Alexander Wang’s long awaited debut for the house of Balenciaga made for a really impressive start. Wang presented a very grown-up collection and stayed true to the house’s heritage following Nicolas Ghequiere’s departure after 15 years at Balenciaga.
 
Alexander Wang took the show back to Balenciaga headquarters at Avenue George V. That was a highly symbolic move since the designer delved deep into the Balenciaga archives before creating this collection. The Balenciaga legacy was evident throughout the show with strong references to the rounded hems, the oblique shoulders and the cocoon silhouette. He “minimized everything passing the idea of Balenciaga across without being super precious about it” as Cathy Horyn of The New York Times put it.

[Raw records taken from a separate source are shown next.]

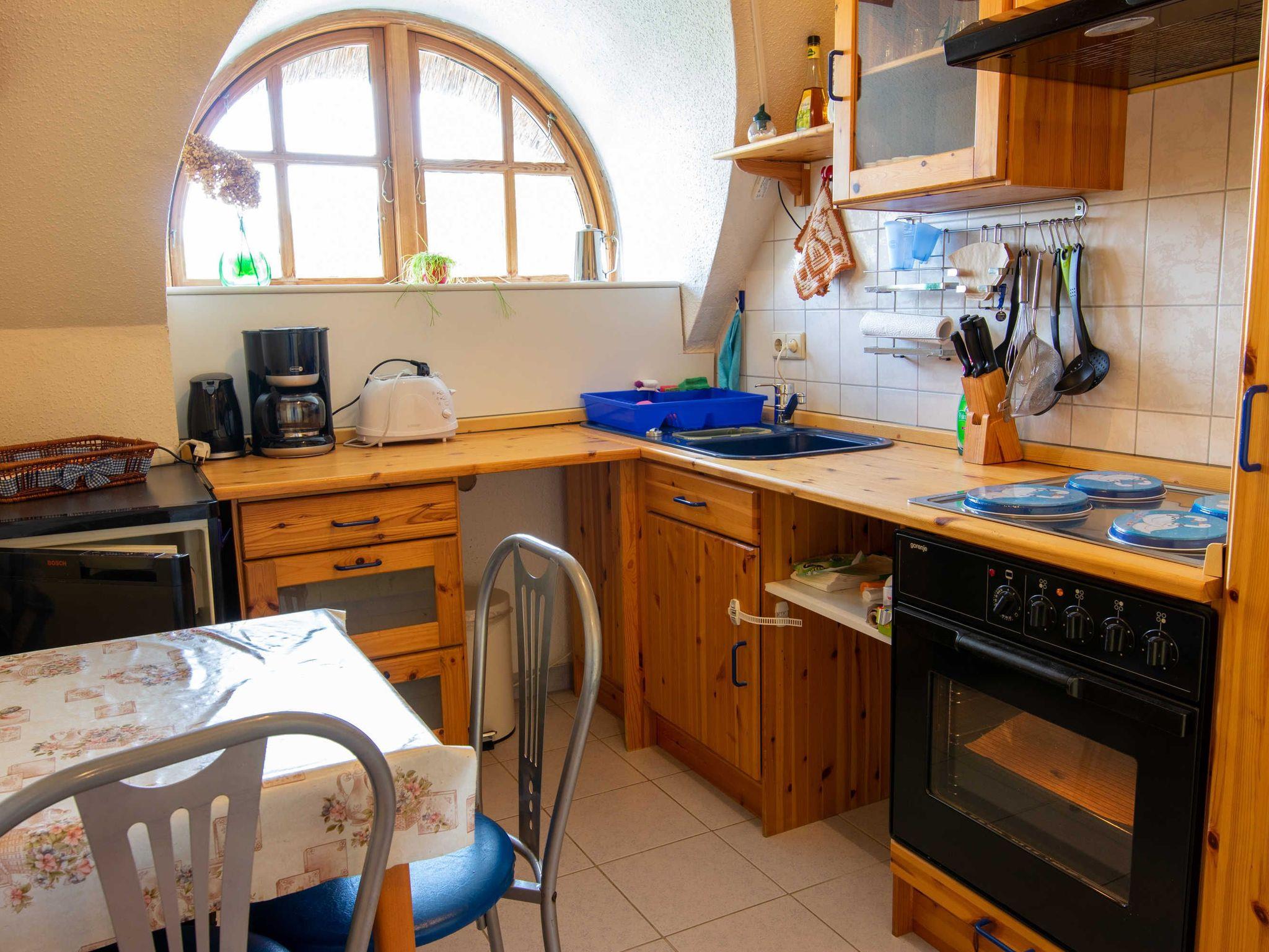 Diese Ferienwohnung 1 unter Reet ist genau richtig für alle, die es gemütlich, familiär und ein bisschen besonders mögen. Auf zwei Etagen bietet sie Platz für bis zu fünf Personen ? ideal für Familien mit größeren Kindern oder kleine Gruppen. Im Wohnbereich erwartet dich eine Schlafcouch für eine zusätzliche Person sowie eine bequeme Liege - perfekt zum Entspannen, Lesen oder als Einzelbett nutzbar. Zwei separate Schlafzimmer bieten je ein französisches Doppelbett (140x200). Das erste Schlafzimmer im Obergeschoss dient als Durchgangszimmer zum zweiten Schlafzimmer im ausgebauten Spitzboden, den du über eine schmale Spartreppe erreichst. Dort kannst du übrigens ganz aufrecht stehen! Dazu gibt es eine voll ausgestattete Küche, ein Duschbad mit WC und einen separaten Eingang über das gemeinsame Treppenhaus. Ein Babyreisebett ist ebenfalls vorhanden. Für einen unkomplizierten und naturnahen Urlaub mit viel Charme und Platz unter dem Reetdach.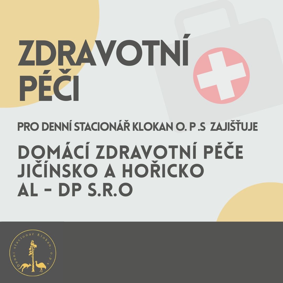 Jelikož naši zaměstnanci denního stacionáře Klokan nemají odborné zdravotnické vzdělání, je poskytování zdravotní péče klientům zajištěno externě prostřednictvím společnosti AL – DP s.r.o., Domácí zdravotní péče pro Jičínsko a Hořicko. Každodenně k nám dojíždějí kvalifikovaní zdravotníci, kteří poskytují potřebnou odbornou péči.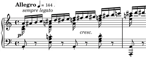The melody consists of rapid chromatic scale figures played by the outer right-hand fingers, accompanied by chord attacks. Like most of Chopin's other études, this work is in ternary form A–B–A. The harmonic scheme of the A section is relatively simple, with A minor, E major, A minor, but the chromatic scale and the exotic clash of its C♯s with the A minor chords tend to veil the clarity of A minor and create a mysterious sound effect further increased by the Neapolitan chord, bar 15. The middle section brings a dramatic increase with the dynamic climax exactly in the center of the piece, bar 25. This climax is approached by stepwise rising two-bar sequences from F major to A minor via G minor. The final dominant seventh chord of each sequence leads to the next one by means of a deceptive cadence.[6] The longer and asymmetric second part of the B section, leading back to the restatement of the A section, uses a similar harmonic progression but shorter sequences. The final A section is a quite literal though shortened restatement of the first one ending with a coda of a rising and falling scale into a Picardy ending.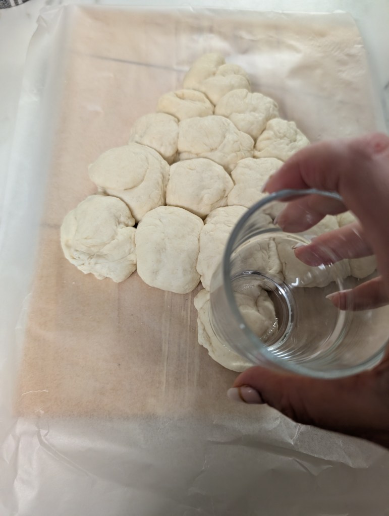 Aplatis légèrement la boule avec la paume de la main ou un fond de verre, juste un peu, pas trop fin.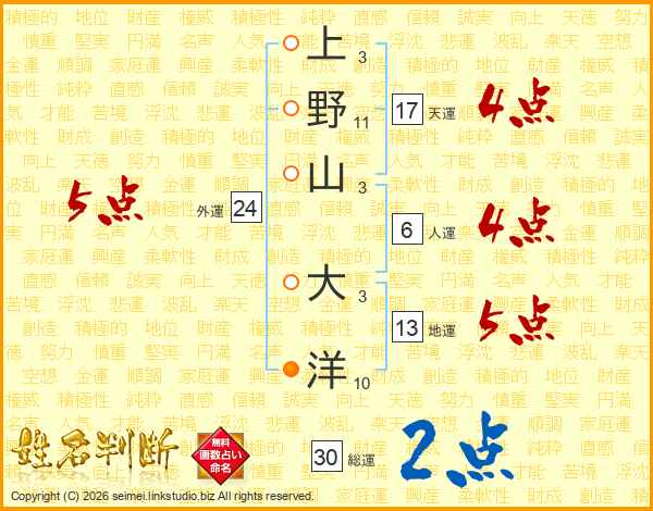 上(3画)野(11画)山(3画) 大(3画)洋(10画)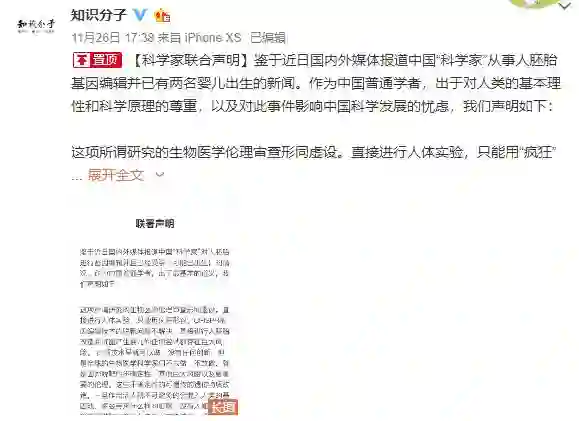 “鉴于近日国内外媒体报道中国“科学家”从事人胚胎基因编辑并已有两名婴儿出生的新闻。作为中国普通学者,出于对人类的基本理性和科学原理的尊重,以及对此事件影响中国科学发展的忧虑,我们声明如下: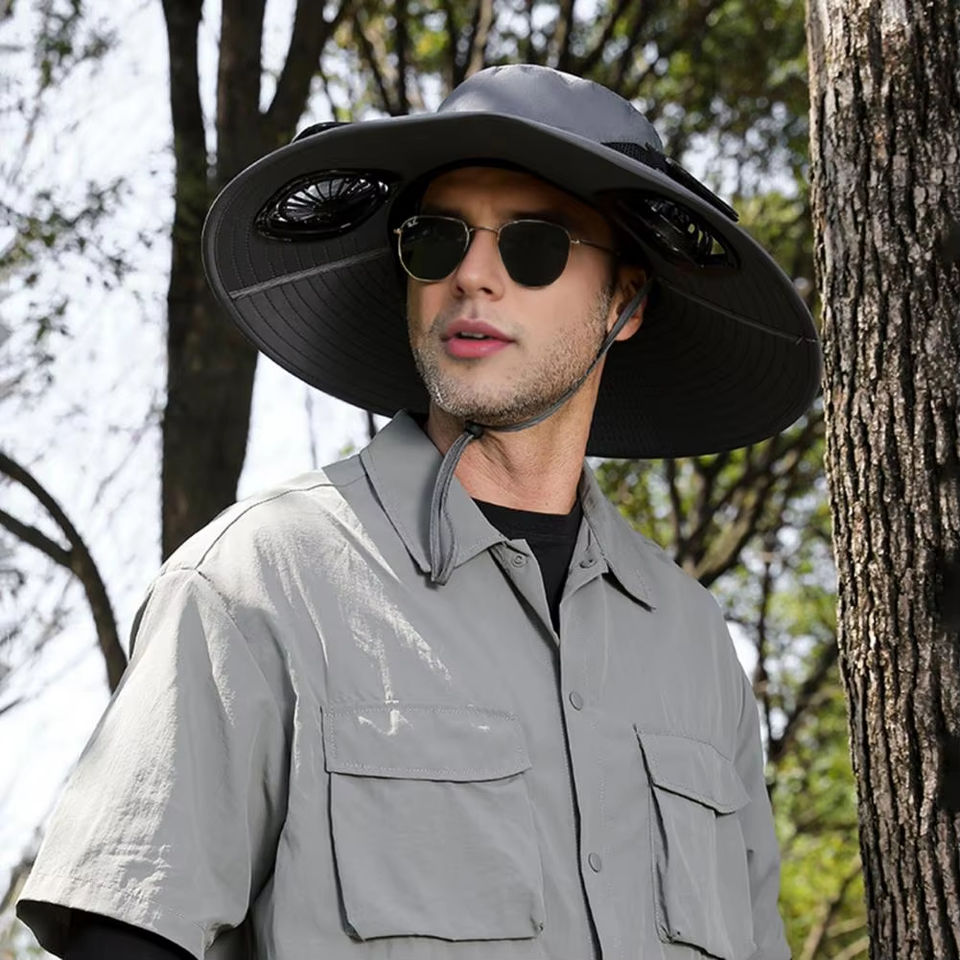 Chapeau ventilateur rechargeable à énergie solaire avec double alimentation pour les sports d'été en extérieur, réglable, unisexe, pour la pêche et les fêtes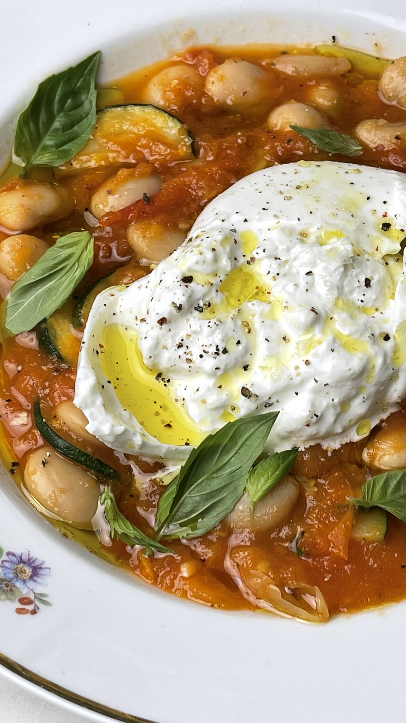 Pomidorų ir pupelių troškinys su burrata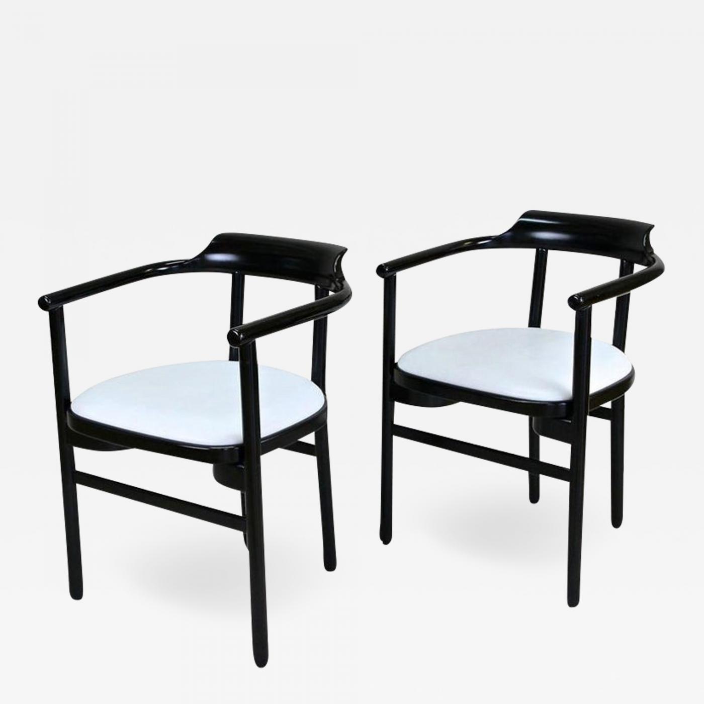 Incredible looking pair of black lacquered armchairs made by the renown company of Thonet Vienna around 1980. These timeless designed black armchairs from the late 20th century impress with elegant lines and were crafted out of fine beechwood. The still original white leather upholstery shows minimal signs of use and age and build a great contrast to the black frames. A really fantastic, timeless designed pair of contemporary armchairs from the 1980s in Austria, manufactured by the famous company of Thonet Vienna.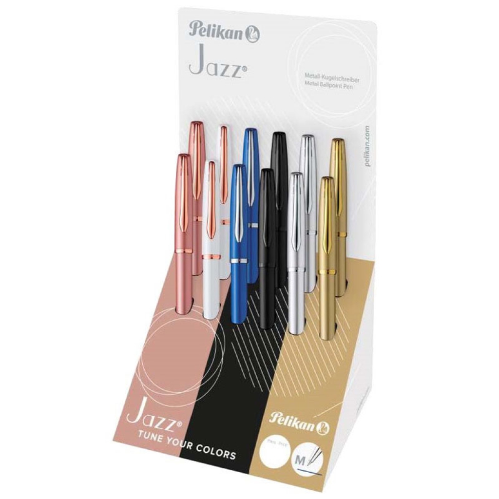 La penna a sfera Pelikan Jazz in metallo combina design elegante e funzionalità impeccabile. Le sue linee fluide e leggere trasmettono dinamismo e raffinatezza. Clip a becco tipica di Pelikan, montata su molla per garantire massima robustezza e durata. Questa penna a sfera a rotazione è dotata di una cartuccia di grande capacità con inchiostro blu documentabile, conforme alla norma ISO 12757-2, ideale per l uso professionale e quotidiano. Perfetta per chi cerca una penna Pelikan elegante, affidabile e dal tocco raffinato.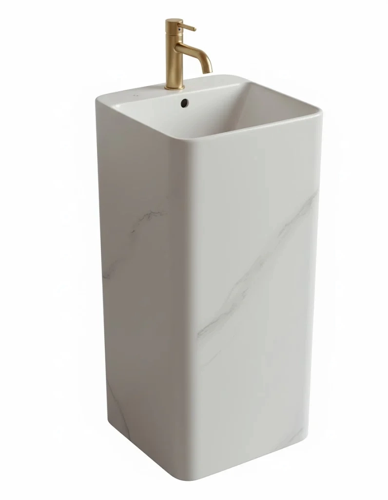 Lavoar freestanding ceramic H15-CUG01-M – design pătrat marmorat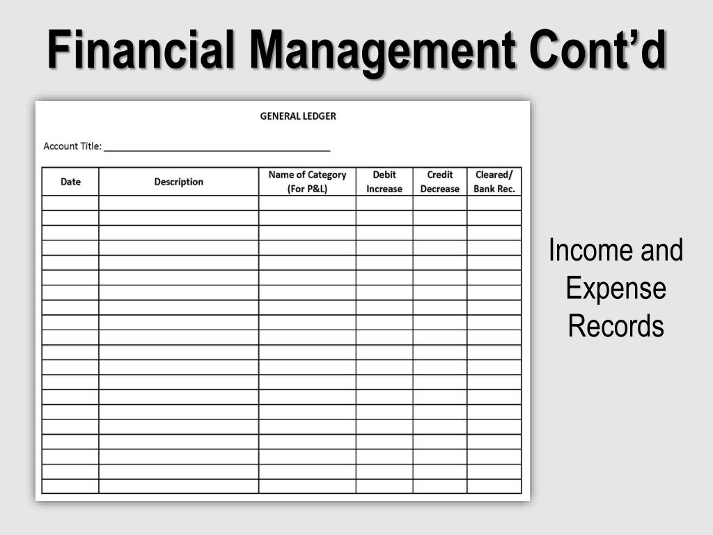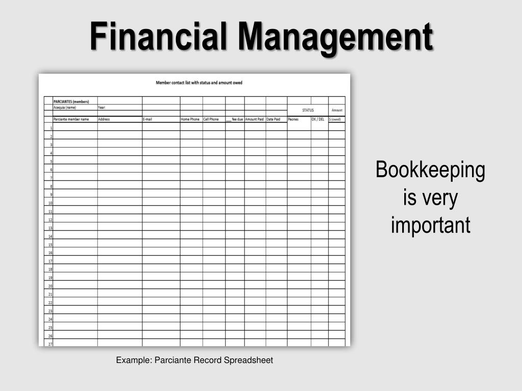 Financial Management Bookkeeping is very important Example: Parciante Record Spreadsheet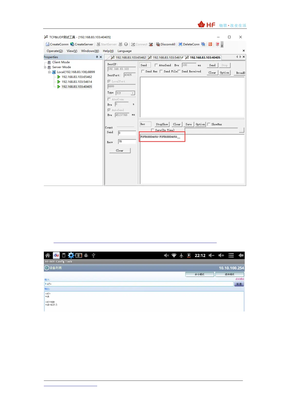 connected to the same router, the AT command can be sent through the network. For details,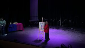 Durante todo el evento, la pintora Carmen Milagros Hernández Bencomo, también profesora de Secundaria y Bachillerato en el Colegio Pureza de María, estuvo pintando un cuadro que nos mostró al final. Una obra donde se dejó llevar por sus gustos, inspiraciones y pensamientos del momento. Finalmente, explicó que se había decidido a pintar una mujer junto a un drago, el mismo drago emblemático que se cayó en el municipio el pasado 5 de marzo, muy especial para todos los realejeros.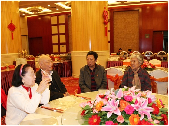 圖23、老友相逢在團拜會(hui) 上。左起:軍(jun) 事醫科院羅振坤研究員、原科技部高新司老處長孫忠發、學會(hui) 專(zhuan) 家委滿春陽、學會(hui) 秘書(shu) 長劉寶勝。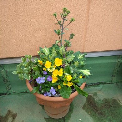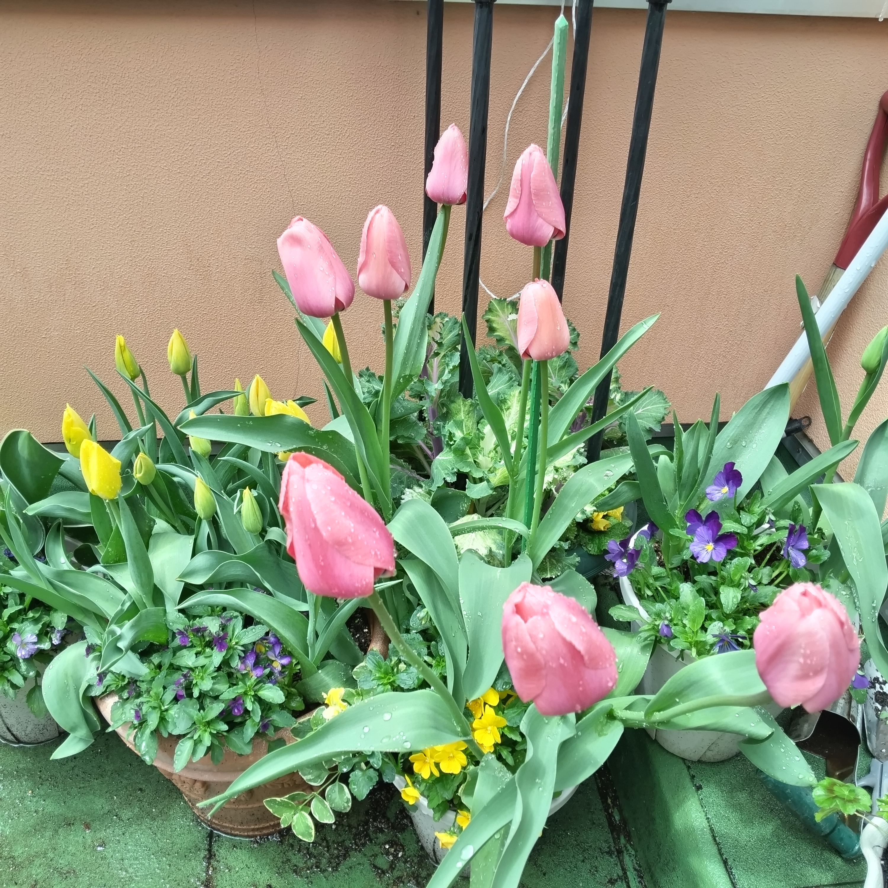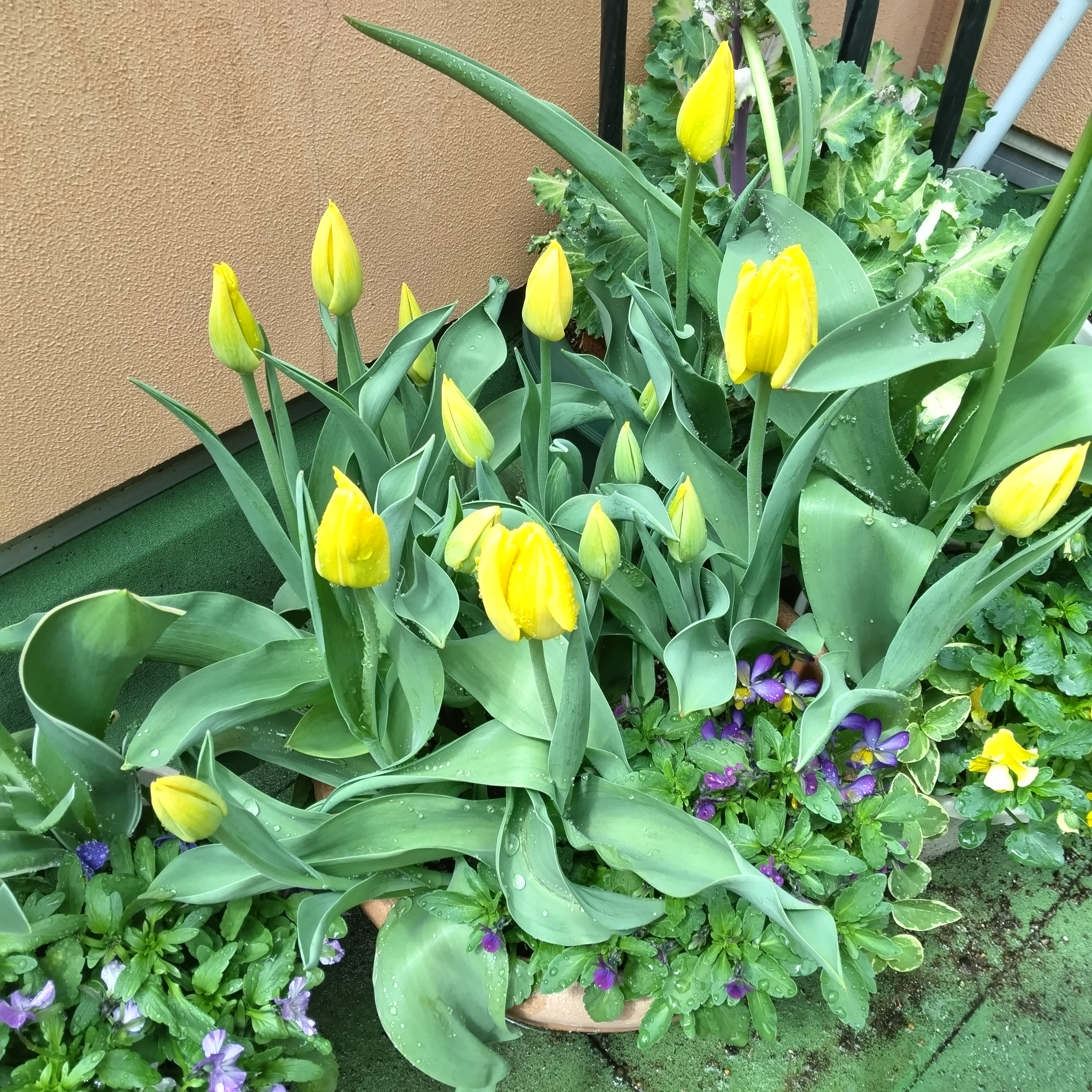 ビオラも伸びてきて、チューリップとのバランスが崩れてきました。

The catwalk was faux white marble with black veins. A pattern that was reproduced on the clothes and even on the shoes, also a slim black t-strap on shoes with deep toe-décolletage gave that sense marble cracks. Black and white was also dominant at the collection’s color palette. The fabrics and sartorial technique used were beautiful and it was obvious that Wang utilised all the technology he had in hand, for instance what gave the impression of cracked black leather was actually mohair knit.

Overall it was a very promising beginning from one of our favourite designers, “old Balenciaga done in a very contemporary way” were the words of Franca Sozzani of Vogue Italia right after the show.